Tu étais une enfant quand tu t'es mariée[ [320]. Tu as été placée dans une attitude qui n'est pas conforme à la marche de la nature dans les femmes. La jeune fille a besoin d'aimer sans plus; l'amour se présente à elle tout spirituel; le corps, la partie matérielle ne lui apparaît pas; elle ignore que c'est elle qui la pousse et qui éveille en elle un sentiment inconnu, mais plein de charmes. On jette une jeune personne entre les bras d'un homme qui commence par ce qui devrait être la fin; dès lors, la marche même de la nature est intervertie, et elle ne l'est jamais impunément. Le fait qui devrait ne jamais être qu'une récompense tourne en dégoût et le succès en défaite. L'âme s'affaisse sous le poids de ce régime, qui devrait être inconstitutionnel (tu vois que je suis libéral) et elle reste comprimée jusqu'au premier moment où elle prend son essor. Le ménage ne paraît plus alors qu'une dure nécessité—le devoir, un poids souvent insupportable—il semble un obstacle au bonheur. L'âme entre en révolution, elle brise des liens qui lui semblent injustes; elle se fonde sur une forte déclaration des droits de l'homme. Elle croit trouver le bonheur tout autre part que dans ce qui lui est imposé comme autant de devoirs; la vie s'use dès lors en contraintes, en désirs, en recherches, en espérances déçues, en erreurs dans les choix, en regrets. L'âge vient, le roman cesse et les faits se représentent de nouveau dans toute leur simplicité. Heureux ceux qui n'ont point de reproches fondés à se faire, à cette époque reculée, de s'être préparé une source de regrets amers et éternels!

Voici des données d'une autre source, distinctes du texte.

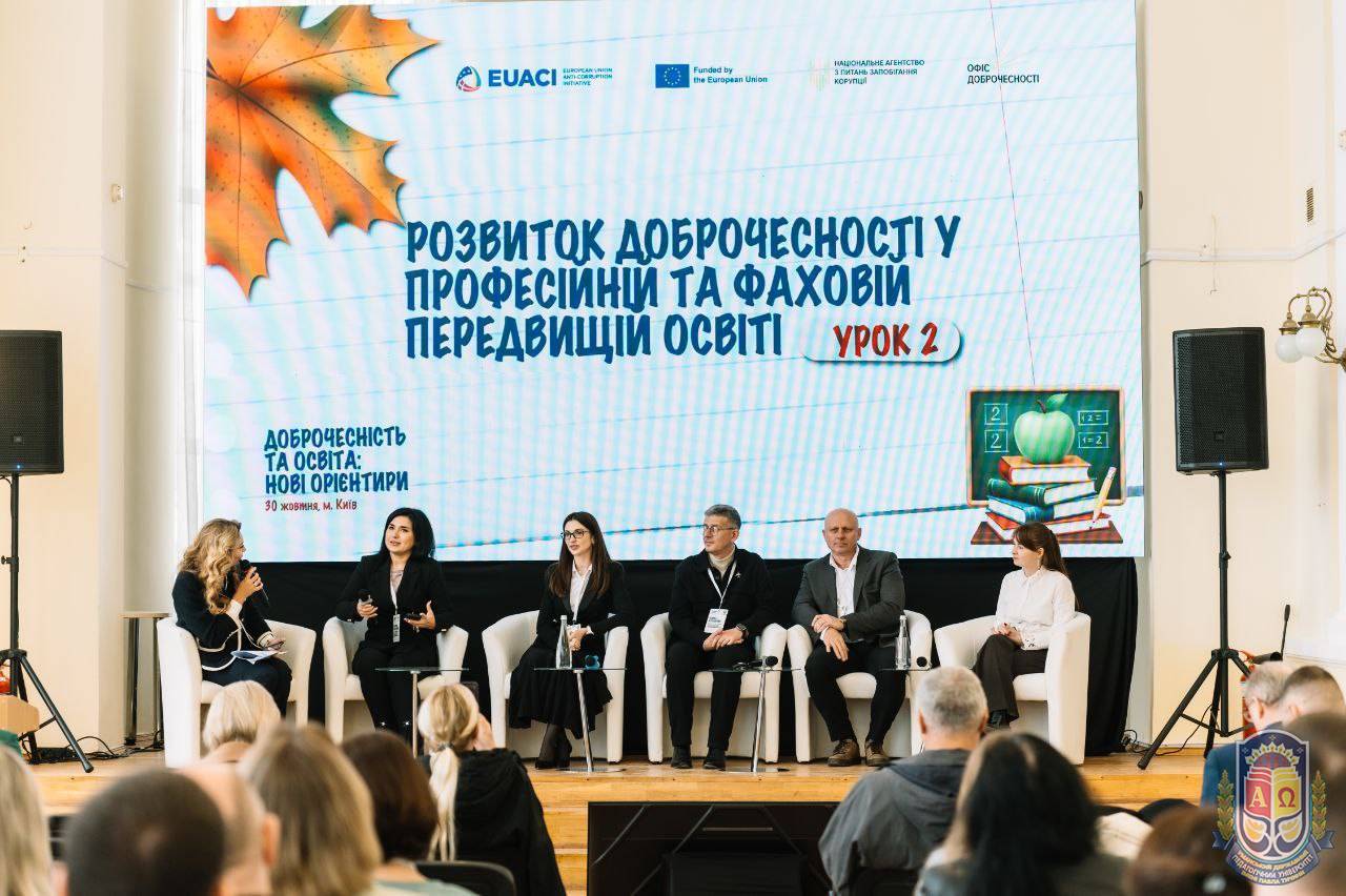 Захід зібрав понад 100 представників закладів середньої, професійної та вищої освіти, державних органів, міжнародних і громадських організацій. Учасники обговорили нові підходи до розвитку культури доброчесності в українській освіті – від шкіл і професійних закладів освіти до університетів.

Mon amie, ne trouves-tu pas que j'ai raison?

Mais en quoi as-tu tort?

Dans le fait que tu regrettes ne pas trouver dans ton ménage ce qui ne peut s'y trouver, et en cherchant ce qui ne se trouve pas dans ton mari, est la cause de tes regrets. Tu m'aimes, tu m'aurais épousé à quatorze ans: tu ne serais pas plus avancée en bonheur, sous le point de vue de ce que tu appelles l'emploi du cœur, que tu ne l'es. De l'amour, mon amie, ne va pas le chercher dans le ménage; ta conscience te fera le reproche d'aller le chercher hors de lui: je ne dis pas que cette partie législative de ton être ait tort. Je respecte avant tout la loi. Je suis assez faible pour y manquer quelquefois. Mon amie, pardonne-moi cette faiblesse: tu la partages; nous avons donc tort tous deux, sans avoir sans doute une autre excuse que le fait.

Il n'existe pas une loi qui ne soit fondée sur l'application de la plus pure morale. Mais la force des circonstances a dû engager souvent le législateur à renforcer les termes de la loi, et la plupart de ces circonstances tiennent à la réunion des hommes en société. L'on se marie pour avoir des enfants et non pour satisfaire le vœu du cœur. La société exige que telle soit la règle, mais le cœur s'y soumet bien difficilement; il finit ordinairement par regagner ses droits, et je suis convaincu que les bons ménages ne seraient fréquents que si les unions avaient lieu entre hommes de quarante et femmes de trente ans. L'un et l'autre des deux partis saurait alors qui choisir. Ta gouvernante t'aura dit cent fois: Pensez d'abord et puis agissez! Ta mère te l'aura répété: et l'on t'a fait faire l'affaire de la vie avant que tu aies même eu la faculté de penser et de savoir ni ce qu'est la vie, ni quelle en est l'affaire.

Le monde, mon amie, marche d'après les besoins de la société; le cœur a souvent bien de la peine à s'y soumettre. Mais ne va pas en chercher la cause hors toi-même.

Quand je t'ai dit, il y a longtemps, que je voulais que, pour me plaire, tu fusses bien pour ton mari, j'ai senti que je te donnais l'un de ces conseils que peu d'hommes savent donner. Mais, mon amie, tu dois m'aimer pour ce fait, car toi, tout juste toi, tu n'aimeras jamais dans l'homme que tu trouves digne d'être ton ami que ce qui est bien en soi-même ou pour le moins sage, dans une circonstance donnée. Le sommes-nous de nous aimer comme nous le faisons? Je l'ignore, mais ce qui est certain c'est que je ne saurais faire autrement.